> TRY IT: Retype every line from the start of the data down to and including the line with "[Harga Grosir] Ornamen". Skip the pictures.

> Dataset entries:
+ + + + + + +

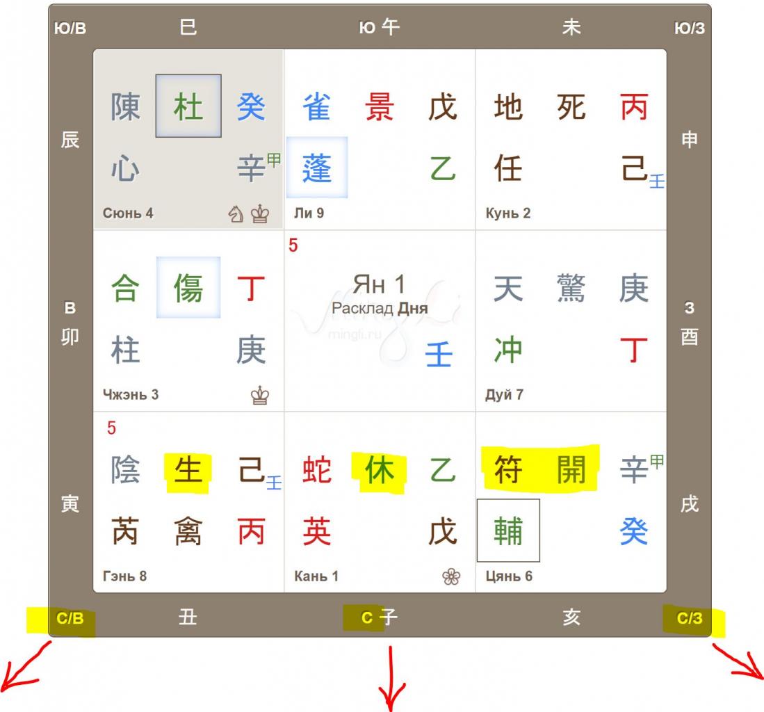 Если вам все понятно, можете посмотреть также, чтобы врата не были разрушены (есть в описании дворца) и выбирать то направление, в котором есть Джи Фу 符 или Мистики 丁丙 или 乙. И время выбирайте местное солнечное в своем городе.
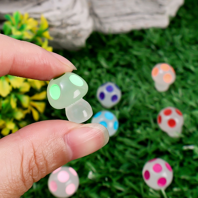[Harga Grosir] Ornamen Resin Jamur Mungil Bercahaya Dalam Gelap Miniatur Taman Pot Kerajinan Patung Lanskap Mikro Patung Mini Mobil Rumah DIY Dekorasi Aksesoris
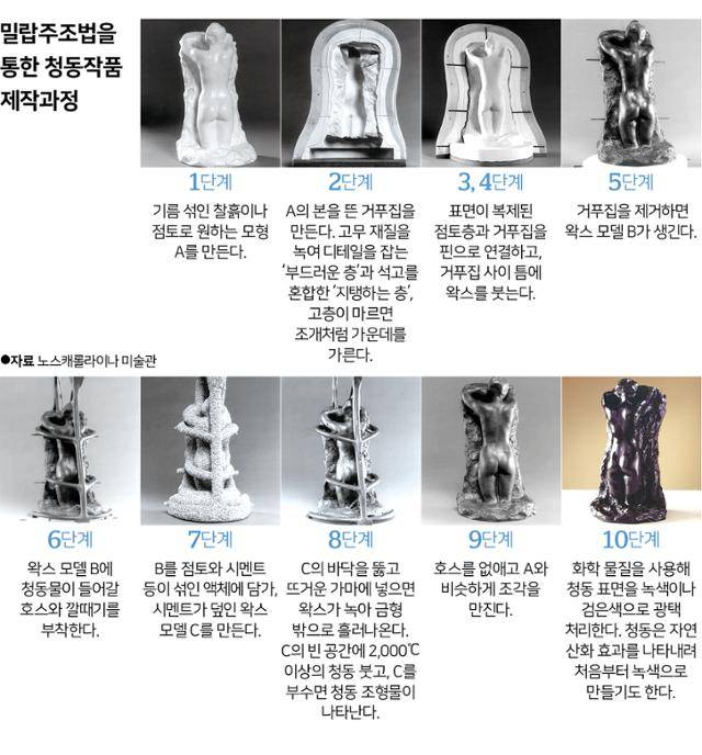 청동 작품은 원형 하나를 가지고 다수의 작품을 제작할 수 있다. 원형의 재료는 찰흙이나 석고 등 여러 가지가 될 수 있다. 이렇게 만든 원형을 토대로 빈 주형을 만들고, 그 주형에 밀랍(왁스)을 부어 왁스형을 만들고 다시 왁스를 녹여 그 안으로 청동물을 붓는 것이 기본이다. 왁스는 녹고 그 빈 공간에서 청동물은 굳어지는데 이후 점토를 깨서 그 안의 청동을 가져가는 것이 포인트다. 이를 '밀랍주조법(lost wax casting)'이라고도 한다. 직지를 찍은 세계 최고 금속활자도, '지옥의 문'도 이 기법이 이용됐다. 밀랍주조법을 이용한 청동 주조 과정은 10단계로 나눌 수 있다.
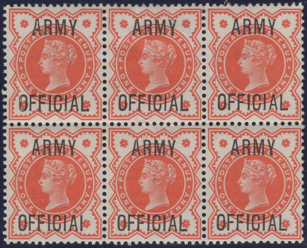 1896 ½D VERMILION 'ARMY OFFICIAL' (SG041) MINT BLOCK OF SIX, ONE STAMP 'OFFICIAI' FOR 'OFFICIAL' (SPEC L36c). A good to fine mint block of six 1896 ½d vermilion 'ARMY OFFICIAL' (SG041), stamp at lower left with excellent variety 'OFFICIAI' for 'OFFICIAL' (Spec L36c). Vertical crease affects centre two stamps but block with fine original gum, four stamps unmounted and the variety fine unmounted o.g. (Ref 135136).
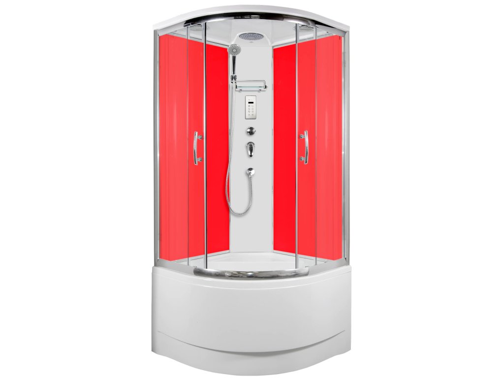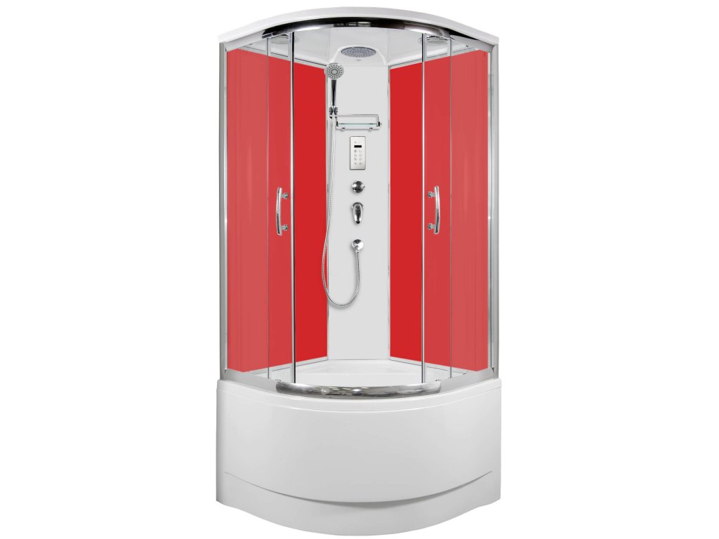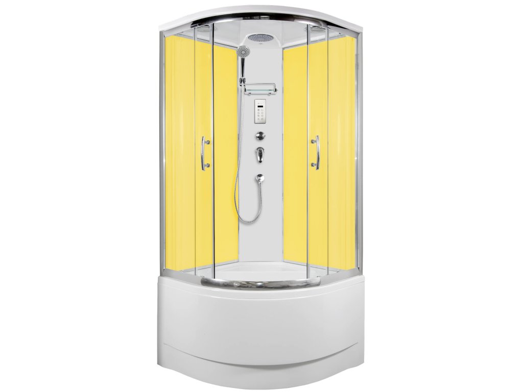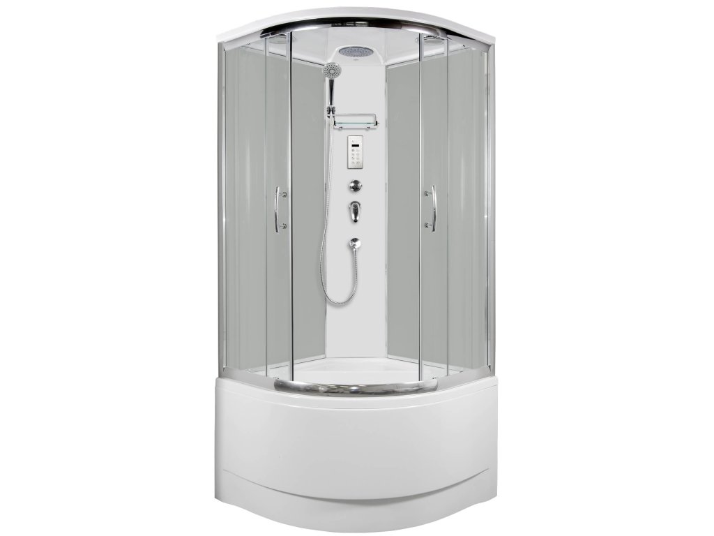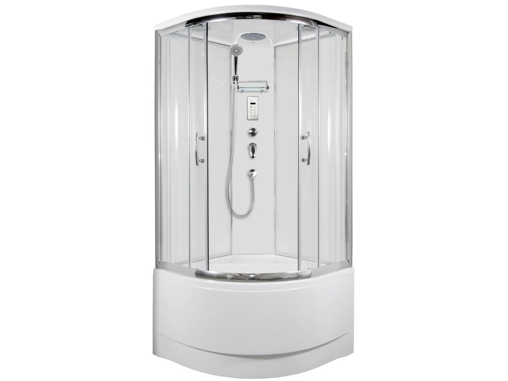 Klasický čtvrtkruhový sprchový box vlastní výroby s posuvnými dveřmi se vyznačuje jednoduchým designem, vysokou kvalitou zpracování. Profil je z leštěného hliníku, prosklení z 5 mm bezpečnostního grape skla, zadní sklo super bílé neprůhledné, šířka vstupu 53 cm. Vysoká vanička, vlastní výroby, v bílé barvě je umístěna na pevném ocelovém rámu se stavěcími nožičkami. Výroba panelu, předního panelu k vaničce a stropu je nyní z kompozitních materiálů, které se používají v leteckém průmyslu. Vůči dříve používané polyesterové pryskyřici je kompozitní materiál ekologičtější, lépe zpracovatelný a při stejné tloušťce výrobku pevnější. Je to také důvod, proč můžeme dosáhnout tak dokonalé povrchové úpravy.
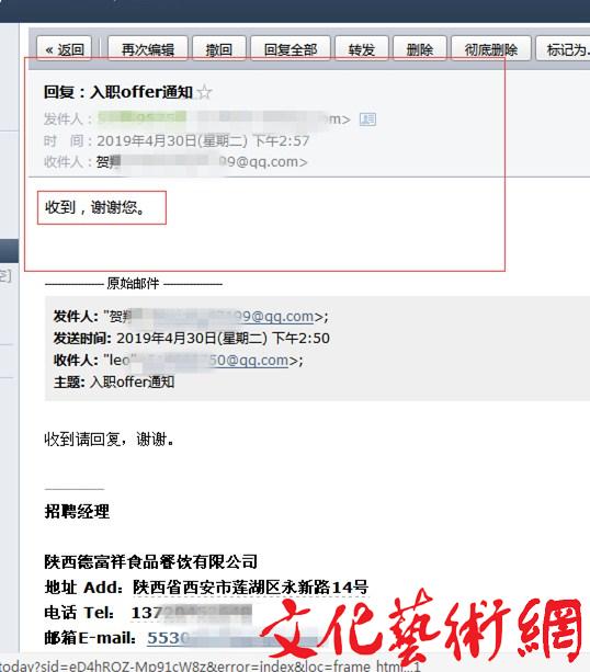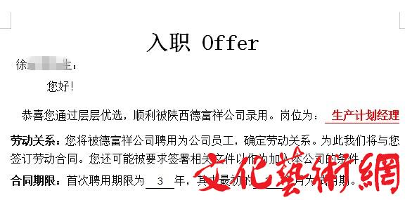 收到《錄用通知》后 卻被告知崗位取消 5月29日,記者接到家住西安的徐先生的投訴電話。他告訴記者,在今年3月28日至4月22日期間,先后四次參加陜西德富祥食品餐飲有限公司(以下簡(jiǎn)稱德富祥)的面試。其中最后一次的面試,也就是4月22日與該公司何姓經(jīng)理見面,面試溝通之后承諾給予錄用,最終于4月30日得到該公司人資賀經(jīng)理郵件發(fā)來(lái)的offer《錄用通知》,《通知書》中明確了徐先生將就職于德富祥公司生產(chǎn)計(jì)劃經(jīng)理一職,并約定于今年5月23日?qǐng)?bào)到。
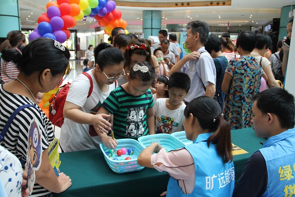 為積極響應“打造宜居港城,建設美麗莆田”的號召,進一步在莆田倡導、推廣綠色環(huán)保,曠遠能源于7月15日在馨宜·新天地廣場舉行了一場以“互動式”環(huán)保游戲體驗為主的親子嘉年華?;顒右浴俺珜ЬG色環(huán)保,共建宜居莆田”為主題,使孩子們在歡樂中樹立環(huán)保意識,在游戲中豐富環(huán)保知識,培養(yǎng)莆田的“環(huán)保小衛(wèi)士”。

+ + + + + + +

> TASK OUTPUT:
 Если вам все понятно, можете посмотреть также, чтобы врата не были разрушены (есть в описании дворца) и выбирать то направление, в котором есть Джи Фу 符 или Мистики 丁丙 или 乙. И время выбирайте местное солнечное в своем городе.
[Harga Grosir] Ornamen Resin Jamur Mungil Bercahaya Dalam Gelap Miniatur Taman Pot Kerajinan Patung Lanskap Mikro Patung Mini Mobil Rumah DIY Dekorasi Aksesoris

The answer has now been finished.